These drag blocks of the present invention are simple and
inexpensive to construct and relatively lightweight, thus reducing
tubing string weight.
[0013] Other and further objects, features and advantages of the
present invention will be readily apparent to those skilled in the
art upon a reading of the description of preferred embodiments
which follows when taken in conjunction with the accompanying
drawings, in which:
DESCRIPTION OF THE DRAWINGS
[0014] FIG. 1 is an elevation view partially in section
illustrating a weight down packer embodying principles of the
present invention;
[0015] FIG. 2 is a perspective view of one embodiment of the drag
block configuration of the present invention;
[0016] FIG. 3 is a side elevation view of the drag block
configuration of FIG. 2;
[0017] FIG. 4 is a top elevation view of the drag block
configuration of FIG. 2; and
[0018] FIG. 5 is a bottom elevation view of the drag block
configuration of FIG. 2.
DETAILED DESCRIPTION OF THE INVENTION
[0019] The present invention provides improved methods and
apparatus for setting packers and other well tools in wellbores at
subterranean location. One embodiment of the invention will be
described by reference to the drawings in which reference
characters are used to indicate like or corresponding parts
throughout the several figures. Referring now to the drawings and
in particular to FIG. 1, there is illustrated partially in section
one embodiment of a weight down packer 10 configured for use as a
straddle packer or pinpoint injection packer. FIG. 1 illustrates
packer apparatus 10 in a first or run-in position prior to it being
set in the wellbore. Packer 10 is adapted to be connected in a
tubing string in a cased wellbore (not shown). As will be
described, the packer has two sets of spaced packing means that,
when set, isolate a length of the wellbore for treatment. It should
be understood that the packer could be configured with one set of
packing means and used as a conventional packer.

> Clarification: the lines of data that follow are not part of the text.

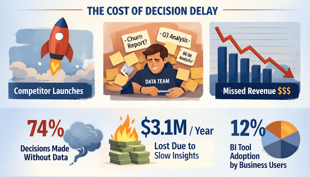 74% of executives say they make most decisions without the data they need | $3.1M average annual cost of poor data access at a 500-person SaaS company | 12% of BI tool licenses are actively used weekly by business users |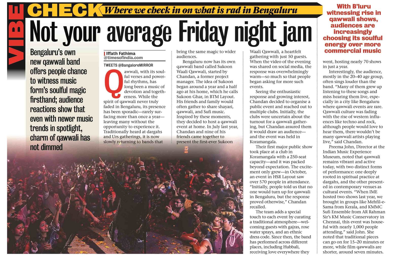 Bengaluru's own new qawwali band offers people chance to witness music form's soulful magic firsthand; audience reactions show that even with newer music trends in spotlight, charm of qawwali has not dimmed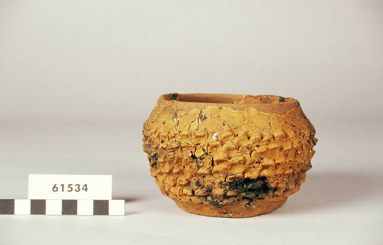 Olletta di forma troncoconica, orlo leggermente rivolto verso l'interno, fondo piano, apoda.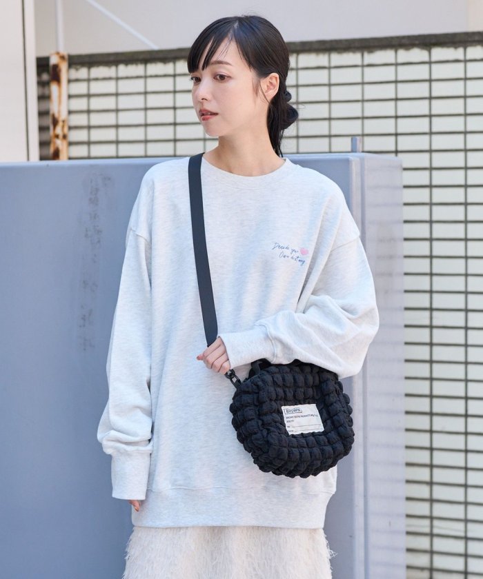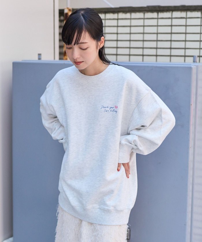 將 T 恤上流行的心形圖案印花融入運動衫中。

[0020] Packer apparatus 10 may have an upper end 15 which has
internal threads thereon adapted to be suspended from a tubing
string (not shown) which extends to the well head. Packer 10
further includes a lower end 20 having threads thereon for
connecting with tubing string (not shown) or other apparatus
located below packer 10. Thus, packer apparatus 10 is adapted to be
connected to and made up as part of a tubing string 11. The tubing
strings above and below packer apparatus 10 may be production
tubing or any other known work or pipe string and may include any
kind of equipment and/or tool utilized in the course of treating
and preparing wells for production. Packer apparatus 10 defines a
central flow passage 32 for the communication of fluids through
packer apparatus 10 and tubing strings above and below the
packer.
[0021] Packer 10 includes a packer mandrel 35 with an upper end 40
and a lower end 45. In this embodiment, the packer mandrel 35 is a
multi-part mandrel; however, a single piece mandrel could be used.

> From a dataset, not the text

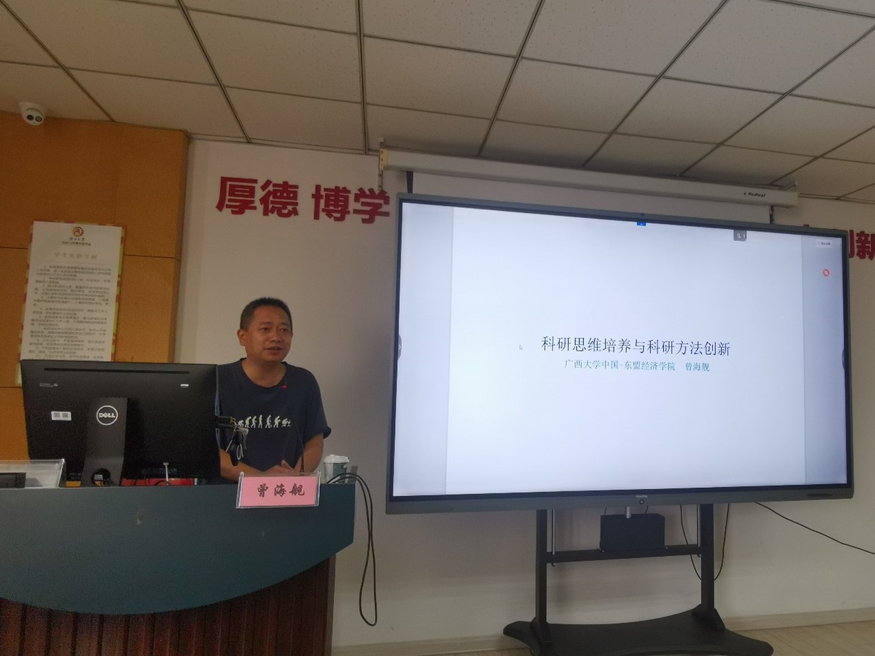 上午曾海舰教授讲授《科研思维培养与科研方法创新》。边远地区高校科研环境的困境、破解困境的能力的提升(提出问题、回答问题)、好的问题(热点现象、基础理论、重大工程)。另外,在报告最后,曾海舰教授与与会教师在科研、学生培养、职业规划等多方面开展对话与交流。

Lower end 45 comprises the lower end of the packer apparatus and
includes the lower threads. Upper end 40 may be threaded to a
hydraulic hold-down assembly 50 which has threads therein adapted
to be connected to the tubing string, thereby adapting packer
mandrel 35 to be connected in tubing string. The operation and
construction of the hydraulic hold-down assembly is well known in
the industry.
[0022] Packer apparatus 10 further includes an upper radially
expandable seal assembly 90 disposed about packer mandrel 35. A
lower radially expandable seal assembly 92 is disposed about the
packer mandrel 35 at a position axially below upper seal assembly
90. As shown in FIG. 1, axially spaced seal assemblies 90 and 92
are closely received about outer packer surface. Seal assemblies 90
and 92 are spaced of isolate a portion of the wellbore for
treatment. Although not shown or described, a valve or injection
port may be located between the seal assemblies 90 and 92 for
flowing fluids between the isolated wellbore portion and mandrel
interior. Seal assemblies 90 and 92 may comprise one or more
annular sealing elements 104. Sealing elements 104 are preferably
formed from an elastomeric material, such as, but not limited to,
NBR, FKM, VITON.RTM., or the like. However, one skilled in the art
will recognize that, depending on the temperatures and pressures to
be experienced, other materials may be used without departing from
the scope and spirit of the present invention.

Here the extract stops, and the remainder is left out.